いくら俺が他人の目を気にしねえって言っても、ヘンな噂を流されるのは気分が悪い。この仮想世界に来て、せっかく髪色の派手さで目立つことがなくなったってのに、こんなことで悪目立ちさせられたら堪ったもんじゃない。記事を作ったのは多分あの情報屋だろう。今度会ったら文句言ってやる。
「にしても、第一層攻略の時は『橙の勇士』に『白虎』で統一されてたのに、どんどん増えていくな。『命知らず』『バトルホリック』『タンポポヤン――」
「待てコラキリト、最後のはタダの悪口だろうが。しかも出所もすぐ分かるし。あのクソトゲ頭、まだ生きてんのかよ。とっととくたばれってんだ」
攻略会議でギャイギャイ言ってた男を思い出し、俺はついうんざりした声を出してしまった。今は第一層にある巨大ギルドに入ったとか聞いてはいるが、心底どうでもいい。
尚、余談だが、ディアベルはスキル教室をやってた面子に仲間入りしたらしい。スキルの他にも戦闘時の連携の基礎なんかも教えたりして、初級プレイヤー諸氏を支えているそうだ。ちょくちょく連絡を取って調子を聞いている限りでは、なかなか評判はいいとのこと。あの時の抜け駆けを気に病みすぎてもいないようだし、平穏で何よりだ。

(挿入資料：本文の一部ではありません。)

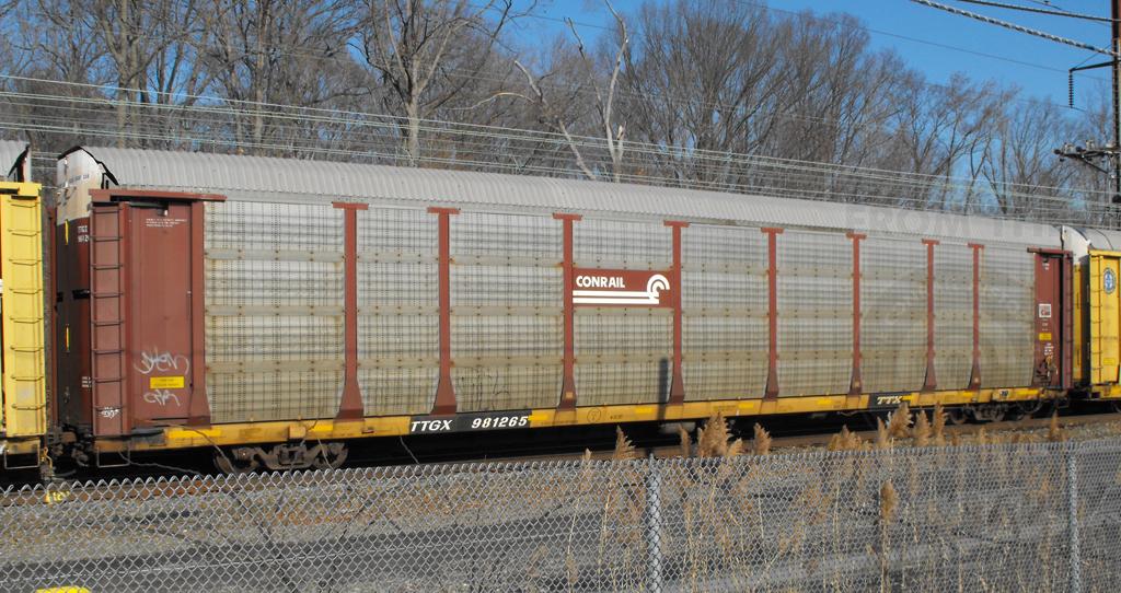 TTGX 981265 is seen in NS 36A at Newport, DE on 12/16/13. Rack number is CR 10916, built 9-97 and is now owned by CSX.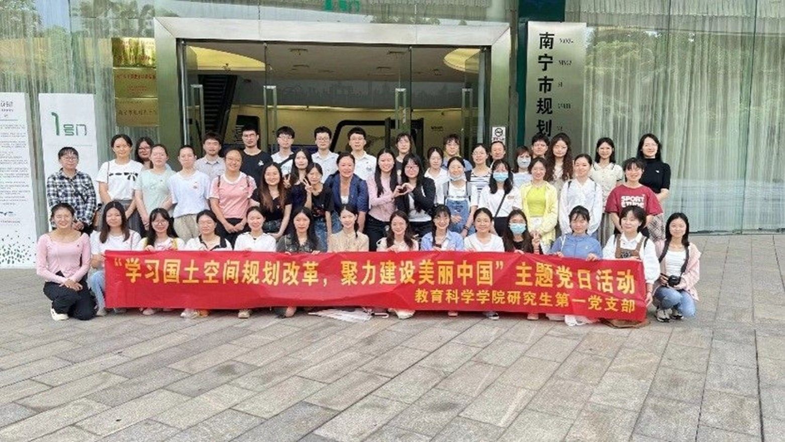 研究生第一党支部于5月10日开展“学习国土空间规划改革,聚力建设美丽中国”主题党日活动,赴南宁市城市规划展示馆和广西自然资源博物馆参观,支部党员和入党积极分子参加活动。
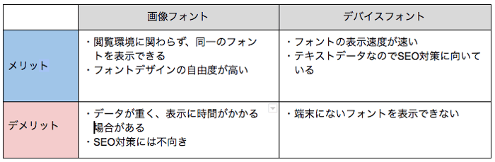 以下は、画像フォントとデバイスフォントのメリットとデメリットになる部分です。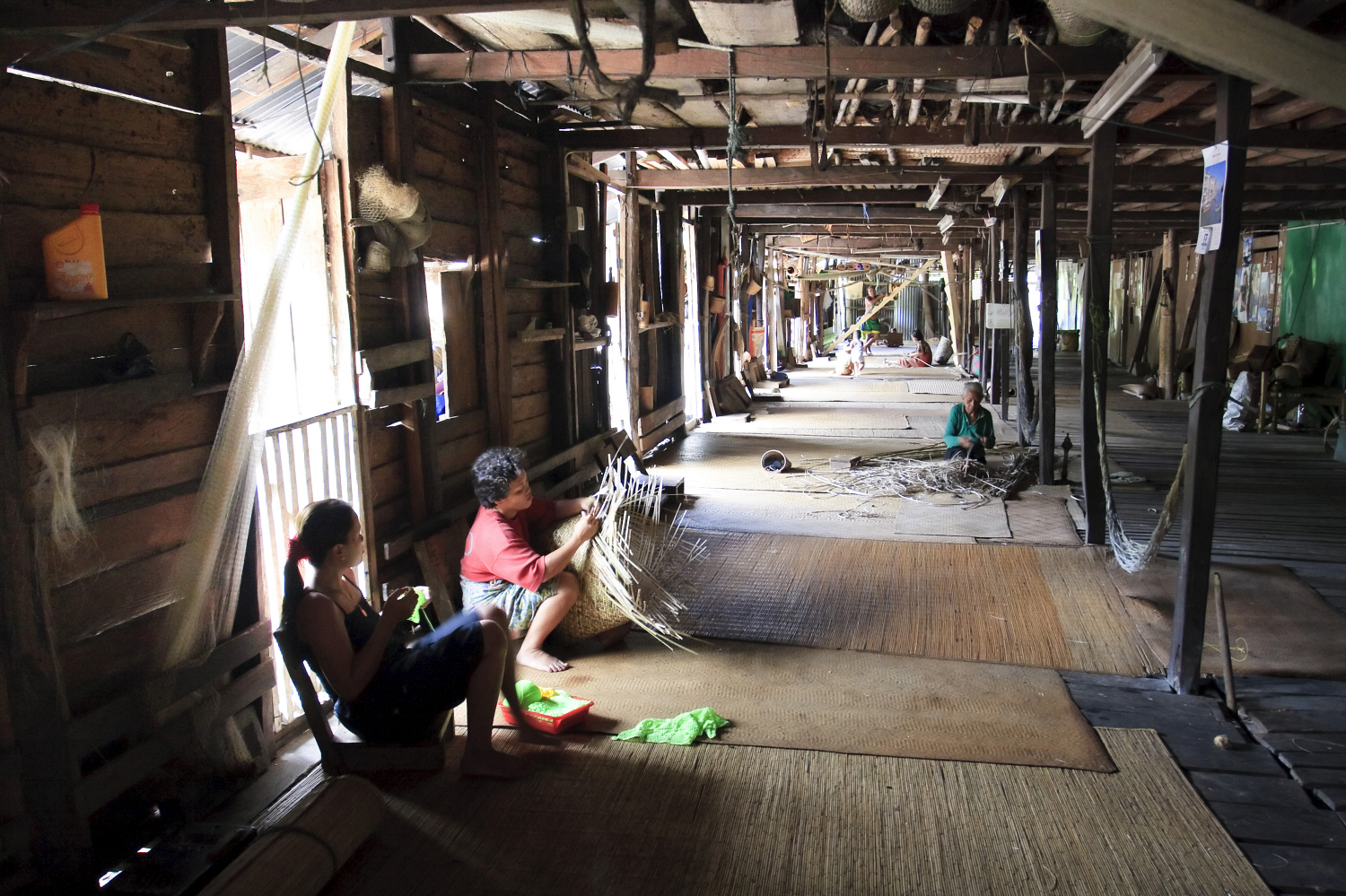 I stayed the night at Long Panai. It wasn’t a scheduled stop. The fuselage made a slow fly-past, and I leapt ashore with a triple jump that would have astonished my old gym teacher. Long Panai was a substantial place; the longhouse ran along the riverbank for a quarter of a mile and contained 120 families. People sat outside on the covered verandah sifting rice and gossip. The young people looked like sober suburban kids, with their baseball caps turned backwards, while their parents looked like New Age freaks: a confusion of wild tattoos, pierced body parts, dangling ear lobes, patchwork clothing and funny-looking cigarettes.

「……さて、と。一護、鑑定が終わったぞ。確認してくれ」
「おお、さんきゅ」
言われて提示されたトレード欄をザッと確認する。合計額は358400コルだ。ってことは、討伐コルを含めて三日で一人頭で三十六万コルくらい、一日平均で十二万ってとこか。三日籠りっぱなしなら、まあ妥当な額だ。こっから連戦で消耗した防具の補填とか、アイテムやキャンプの雑費なんかがごっそり引かれるけどな。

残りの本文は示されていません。